Work instructions |
Each record needs to be retyped exactly, though its pictures should not appear.

Exercise materials |

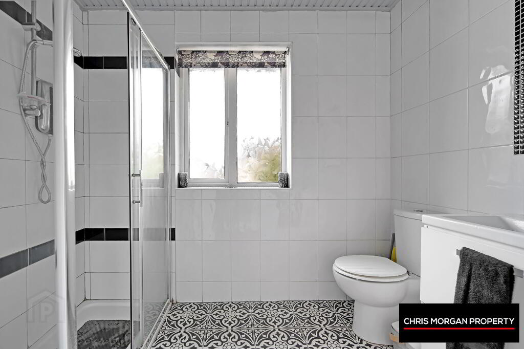 TILED FLOOR & WALLS, WC, WHB WITH BUILT IN STORAGE SPACE, SHOWER, SPOTLIGHTS TO CEILING, TOWEL RACK, EXTRA FAN
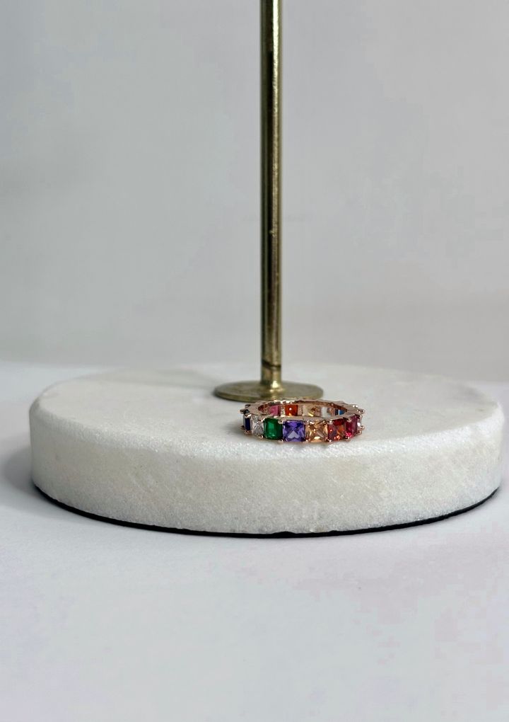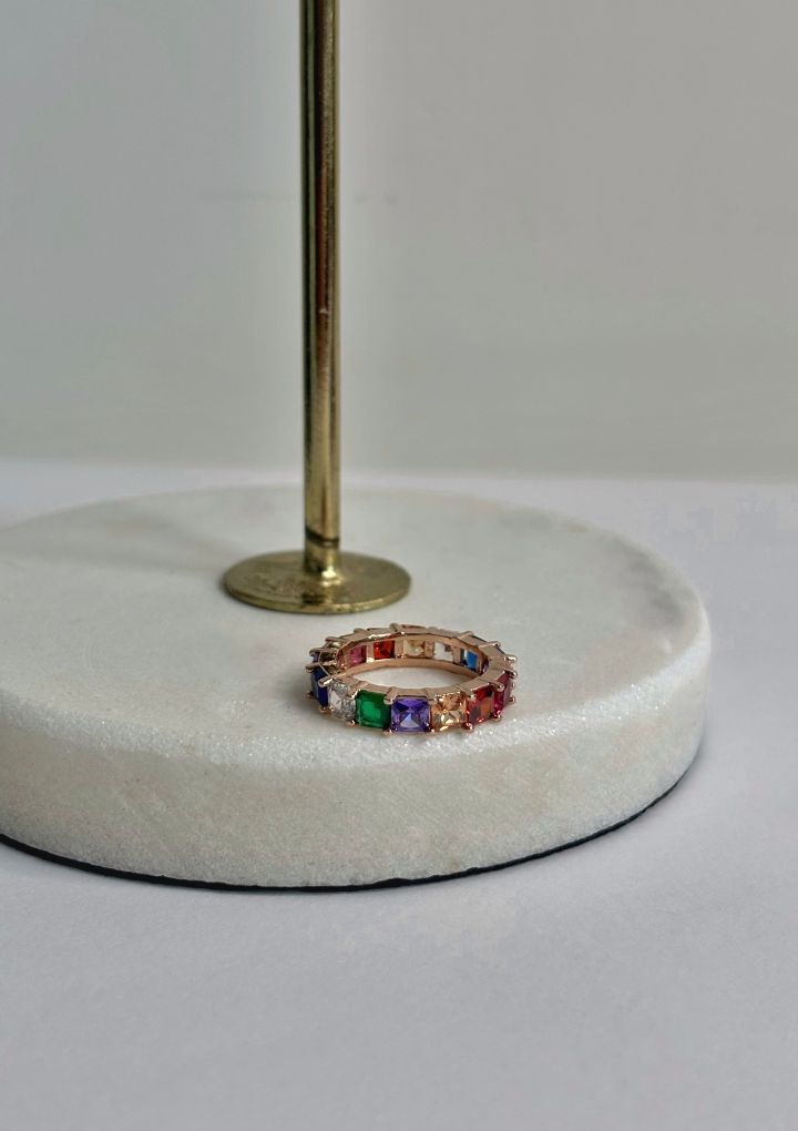 Jade ring is a rainbow-hued ring with square-cut gems set in rose gold. It is fun, vibrant and perfect for holiday stacking.
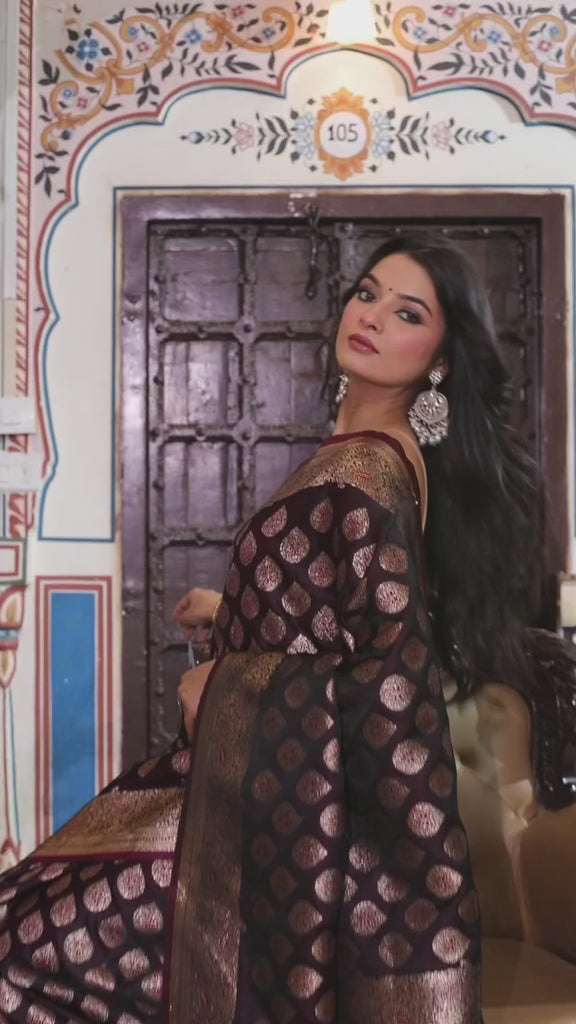 Step into timeless elegance with this royal golden zari woven jacquard Kanjivaram silk saree, crafted for women who love luxurious traditional fashion. The rich maroon-brown base paired with opulent golden zari work creates a majestic look that is ideal for weddings, festive celebrations, and grand occasions.
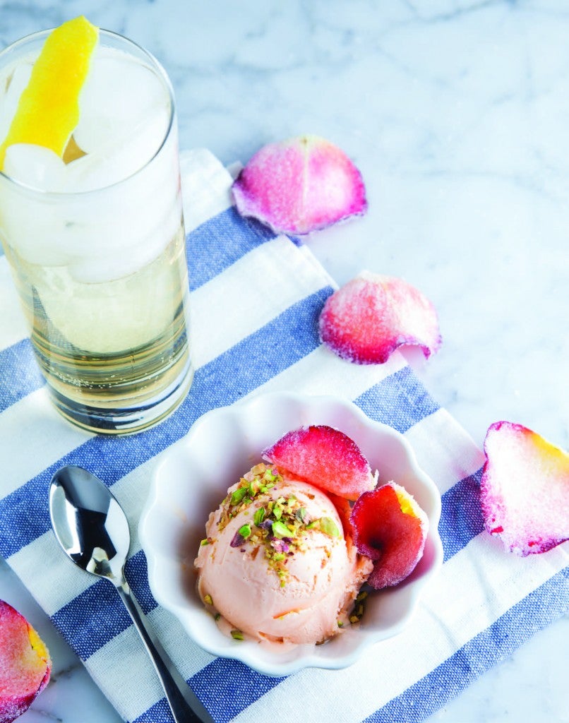 1. This Vanilla Rose Ice Cream (saltpepperskillet.com) starts with the essence of rose water and finishes with the yummy taste of vanilla. Pistachios complement the flavors and give a satisfying crunch. If you have an ice cream maker, get the recipe online. If you don’t have one, maybe one of your neighbors does. I am lucky—Justin McChesney-Wachs, who lives across the street from me, also hosts the above food blog with lots of yummy recipes. I’m always happy to taste test!
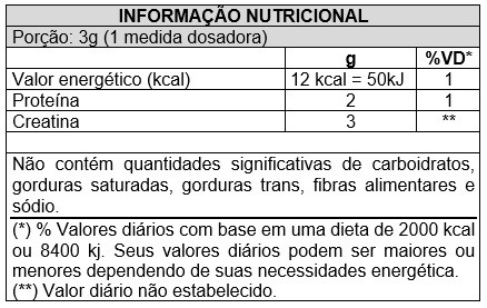 Importante: O consumo de creatina acima de 3g ao dia pode ser prejudicial à saúde. Este produto não substitui uma alimentação equilibrada, e o seu consumo deve ser orientado por nutricionista ou médico. Não deve ser consumido por crianças, gestantes, idosos e portadores de enfermidades.
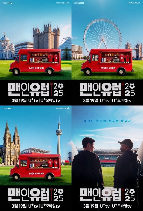 19일(수) U+tv, U+모바일tv에서 공개되는 ‘맨인유럽 2025’는 ‘후배 바보’ 박지성과 그의 절친이자 ‘맨유 레전드’ 파트리스 에브라가 후배 유럽 코리안리거들을 만나 힘을 불어넣어 주는 여정을 담은 풋볼 로드 버라이어티다.
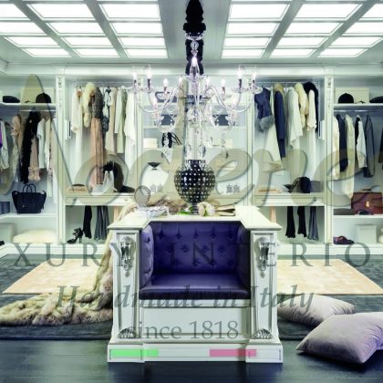 Luxurious dressing rooms crafted by Modenese luxury furniture supplier offer a comprehensive designing realization that brings all the essential interior ingredients into one complete project, which turns that specific home space in a functional and well-organized graceful niche. What differentiates us is the exclusive use of premium quality raw materials, solid wood structures and handmade decoration details which will transform your ideal dressing room in an exclusive area, completely custom-designed.
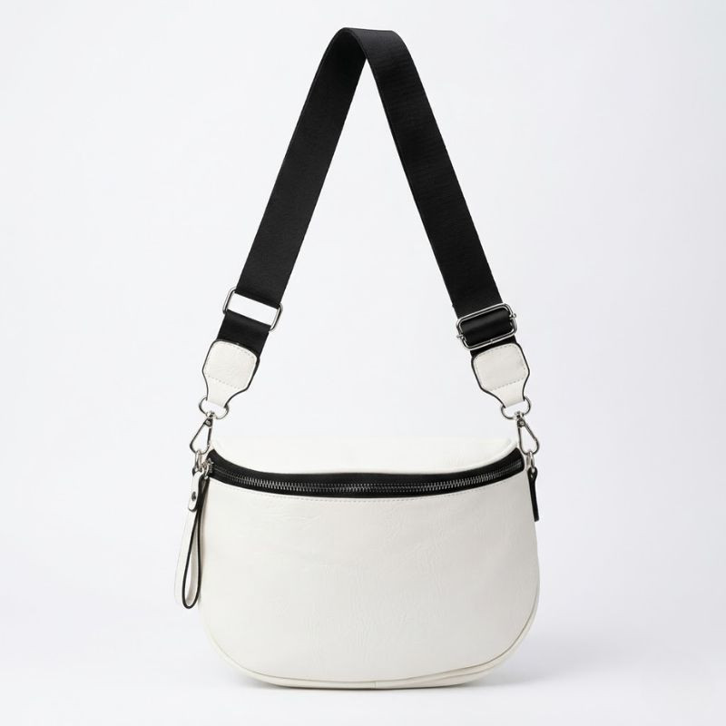 Dámska bočná taška so širokým ramenným popruhom - biela Taška-015
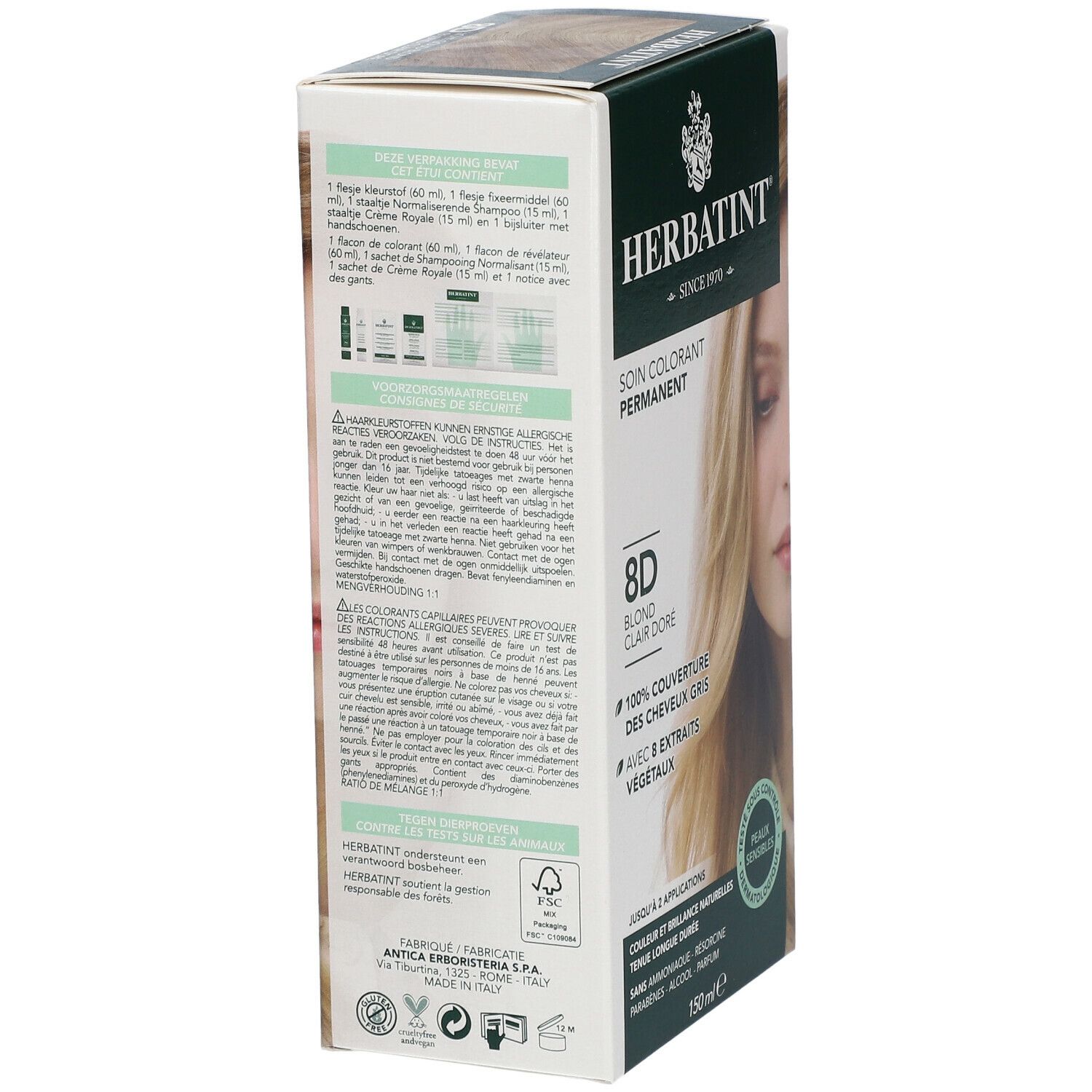 Herbatint Colorant Cheveux Permanente Blond Clair Doré 8D
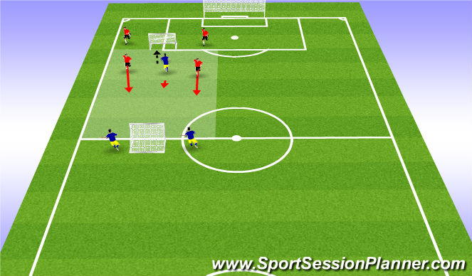 the blue player then lays the ball off to the red players who dribblers at speed to the opposite side.
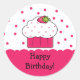 Redonda Pastel rosa Feliz Cumpleaños Pegatina
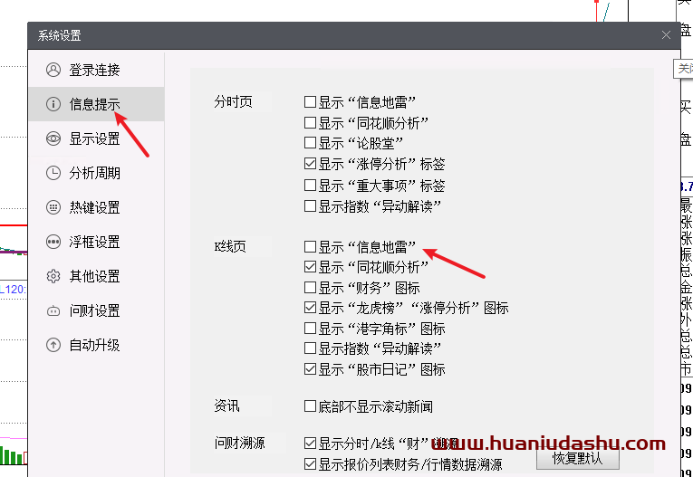 您的位置 首页 同花顺 同花顺消息关闭 新手如何买基金 发布于 2025年11月6日 评论关闭 阅读(6) 怎么永久关闭电脑版同花顺页面下方的新闻? 不知道是否取消了, 第一步: 我是这样操作的: 点击 设置: 然后把 信息提示-》 K线页 取消 显示 “信息地雷” 第二步: 点击 资讯 -》 更多资讯 把订阅的全部取消掉
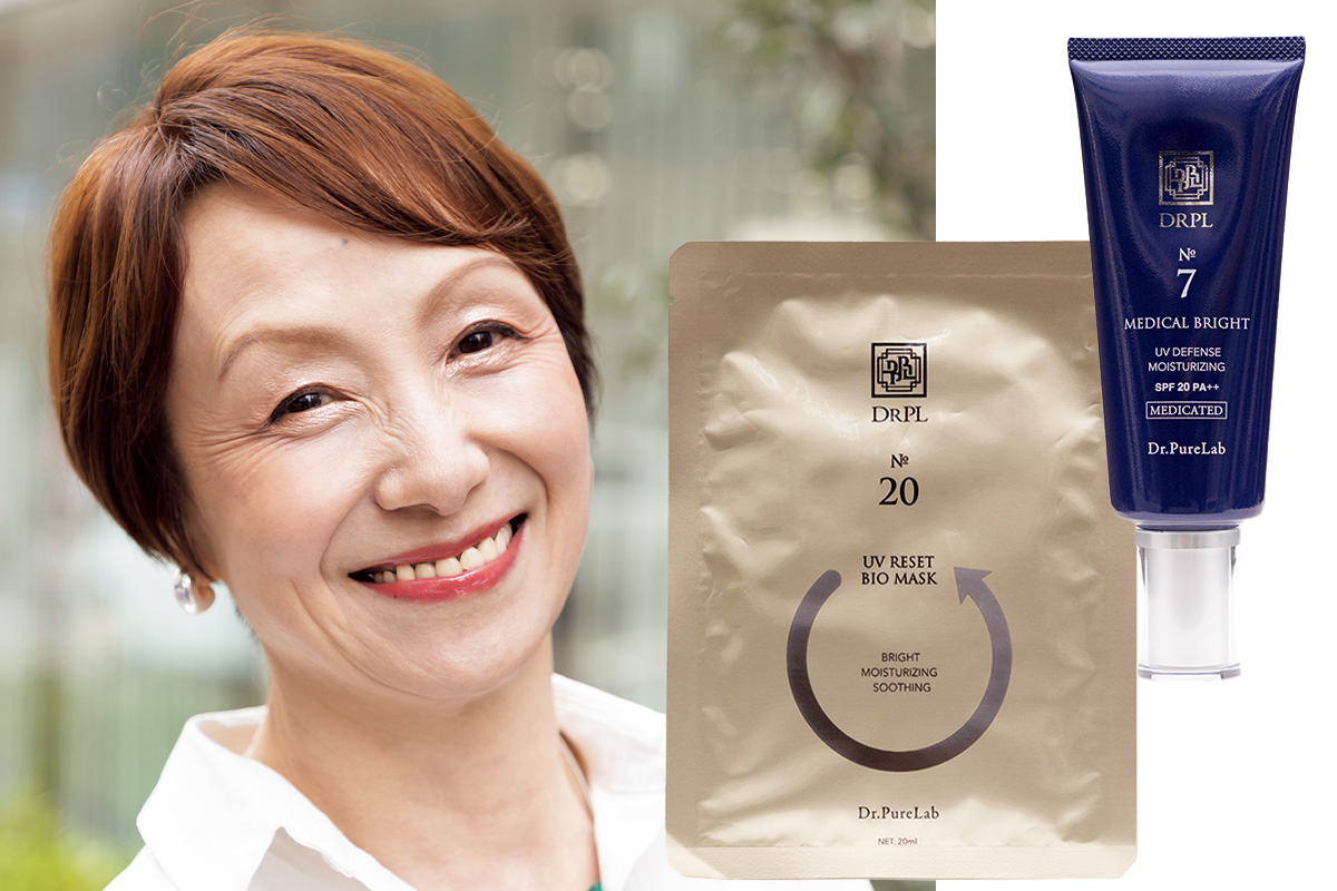 予防美容をコンセプトにしたドクターピュアラボの美白成分入りメディカルブライトとUVリセットバイオマスクでしっかり紫外線ケア。さらに毎日のストレッチと頭皮ケアで筋膜をほぐしています。

Solution to the problem |
 TILED FLOOR & WALLS, WC, WHB WITH BUILT IN STORAGE SPACE, SHOWER, SPOTLIGHTS TO CEILING, TOWEL RACK, EXTRA FAN
 Jade ring is a rainbow-hued ring with square-cut gems set in rose gold. It is fun, vibrant and perfect for holiday stacking.
 Step into timeless elegance with this royal golden zari woven jacquard Kanjivaram silk saree, crafted for women who love luxurious traditional fashion. The rich maroon-brown base paired with opulent golden zari work creates a majestic look that is ideal for weddings, festive celebrations, and grand occasions.
 1. This Vanilla Rose Ice Cream (saltpepperskillet.com) starts with the essence of rose water and finishes with the yummy taste of vanilla. Pistachios complement the flavors and give a satisfying crunch. If you have an ice cream maker, get the recipe online. If you don’t have one, maybe one of your neighbors does. I am lucky—Justin McChesney-Wachs, who lives across the street from me, also hosts the above food blog with lots of yummy recipes. I’m always happy to taste test!
 Importante: O consumo de creatina acima de 3g ao dia pode ser prejudicial à saúde. Este produto não substitui uma alimentação equilibrada, e o seu consumo deve ser orientado por nutricionista ou médico. Não deve ser consumido por crianças, gestantes, idosos e portadores de enfermidades.
 19일(수) U+tv, U+모바일tv에서 공개되는 ‘맨인유럽 2025’는 ‘후배 바보’ 박지성과 그의 절친이자 ‘맨유 레전드’ 파트리스 에브라가 후배 유럽 코리안리거들을 만나 힘을 불어넣어 주는 여정을 담은 풋볼 로드 버라이어티다.
 Luxurious dressing rooms crafted by Modenese luxury furniture supplier offer a comprehensive designing realization that brings all the essential interior ingredients into one complete project, which turns that specific home space in a functional and well-organized graceful niche. What differentiates us is the exclusive use of premium quality raw materials, solid wood structures and handmade decoration details which will transform your ideal dressing room in an exclusive area, completely custom-designed.
 Dámska bočná taška so širokým ramenným popruhom - biela Taška-015
 Herbatint Colorant Cheveux Permanente Blond Clair Doré 8D
 the blue player then lays the ball off to the red players who dribblers at speed to the opposite side.
 Redonda Pastel rosa Feliz Cumpleaños Pegatina
 您的位置 首页 同花顺 同花顺消息关闭 新手如何买基金 发布于 2025年11月6日 评论关闭 阅读(6) 怎么永久关闭电脑版同花顺页面下方的新闻? 不知道是否取消了, 第一步: 我是这样操作的: 点击 设置: 然后把 信息提示-》 K线页 取消 显示 “信息地雷” 第二步: 点击 资讯 -》 更多资讯 把订阅的全部取消掉
 予防美容をコンセプトにしたドクターピュアラボの美白成分入りメディカルブライトとUVリセットバイオマスクでしっかり紫外線ケア。さらに毎日のストレッチと頭皮ケアで筋膜をほぐしています。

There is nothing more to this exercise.